The Wind Rises
Hayao Miyazaki is one of the world’s great storytellers. For the past 30 years he has created films that have transported spectators from the depths of the ocean to the heights of the clouds, through worlds full of spirits, ghouls and unlikely heroes.
Miyazaki has often been compared to a modern-day Walt Disney – keeping the charm of animation that Disney lost somewhere in the 90s alive – until now, that is. The director, animator and screenwriter announced his retirement from film-making last September. The Wind Rises is his swan song: a historical tale based on the life of the aircraft engineer Jiro Horikoshi.
The film has attracted controversy due to its hero-like portrayal of Horikoshi, who designed warplanes used by Japan during World War II. The threat of war is looming and although Jiro is aware his creations will be used as weapons – gloomily repeating the phrase “Japan will blow itself up” – his pioneering mind is on invention alone.

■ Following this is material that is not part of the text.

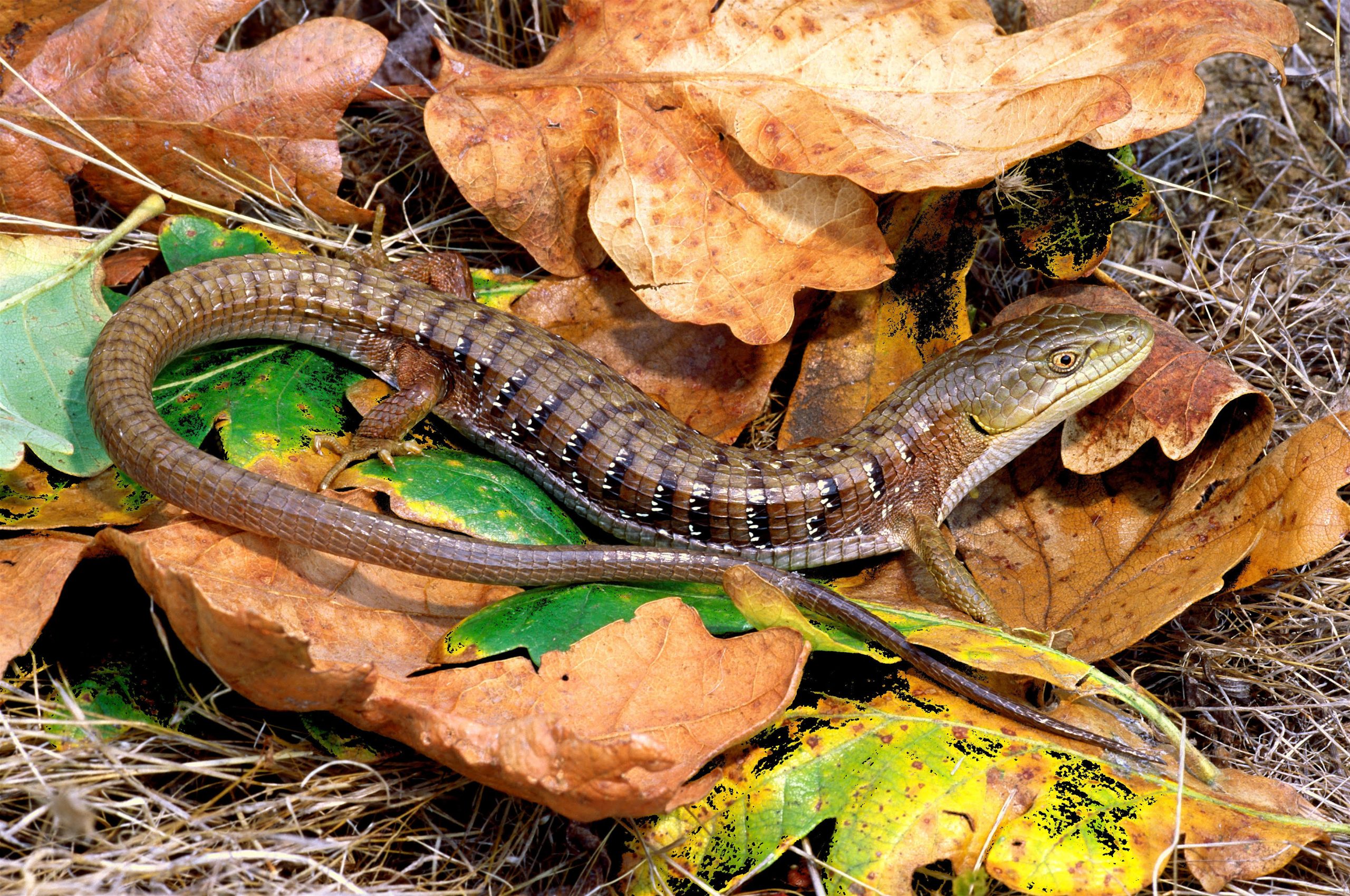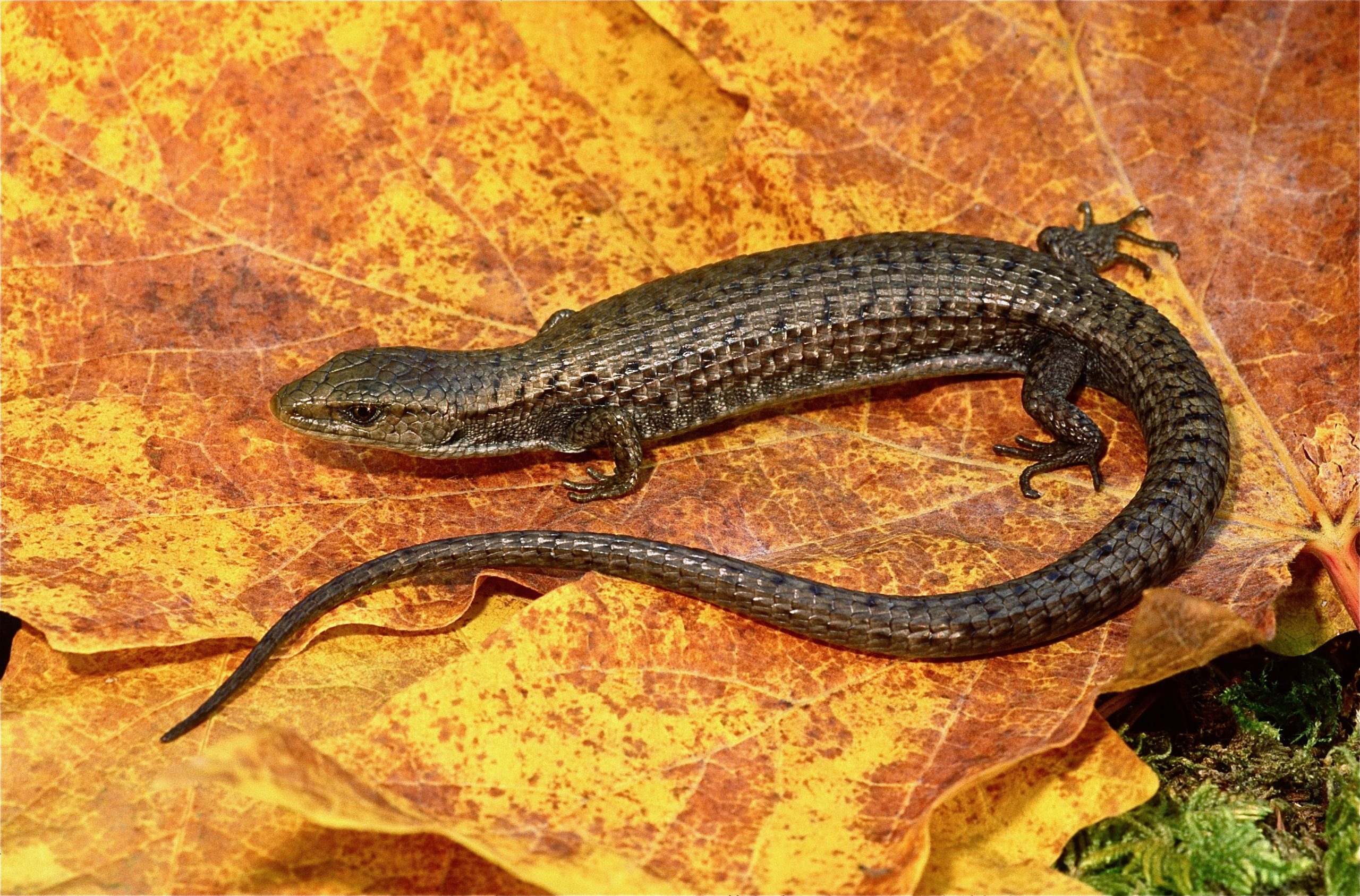 A truly Pacific Northwest reptile that inhabits openings in mountain coniferous forests, and is the only lizard species along our region’s northerly coast. As an adaptation to shady, cool environments, it is live-bearing (viviparous). This allows pregnant females to aid embryonic development of their young by seeking sun-warmed spots among trees. Can be differentiated from the closely-related Southern Alligator Lizard by eye color. Northerns have dark amber-brown eyes, whereas the Southern’s eyes are light golden-yellow.

Setting the troublesome protagonist aside, Miyazaki’s final farewell is charming, touching and completely bittersweet. Those expecting a trip to the magical worlds of Spirited Away and Princess Mononoke will be disappointed at the sombre tone of the film, but the trademark frivolity is still there. Against a backdrop of impeccably animated impending doom, Jiro falls in love while throwing paper planes and dreams of jaunts with Italian plane designer Caproni. These sequences bring an elegant touch of Miyazaki magic to a film otherwise weighed down by devastation and despair.
The Wind Rises is about the complexities of creation and the temperamentality of the world. In creating his plane, Jiro fulfils a life ambition and pushes the boundaries of engineering, but as the film’s final scenes show, he has also caused countless deaths and comes to regret his invention.
In his own world of creation, Miyazaki has no such reasons for regret – but his retirement lurks in the shadows of Jiro’s desire to make his mark. One character tells Jiro: “Artists are only active for ten years. We engineers are the same. Live your ten years to the full.” Lucky for us then that Miyazaki, who has long outlived his ten years of artistry, is still able to fascinate.
Sarah Edmonds
The Wind Rises is released nationwide on 9th May 2014.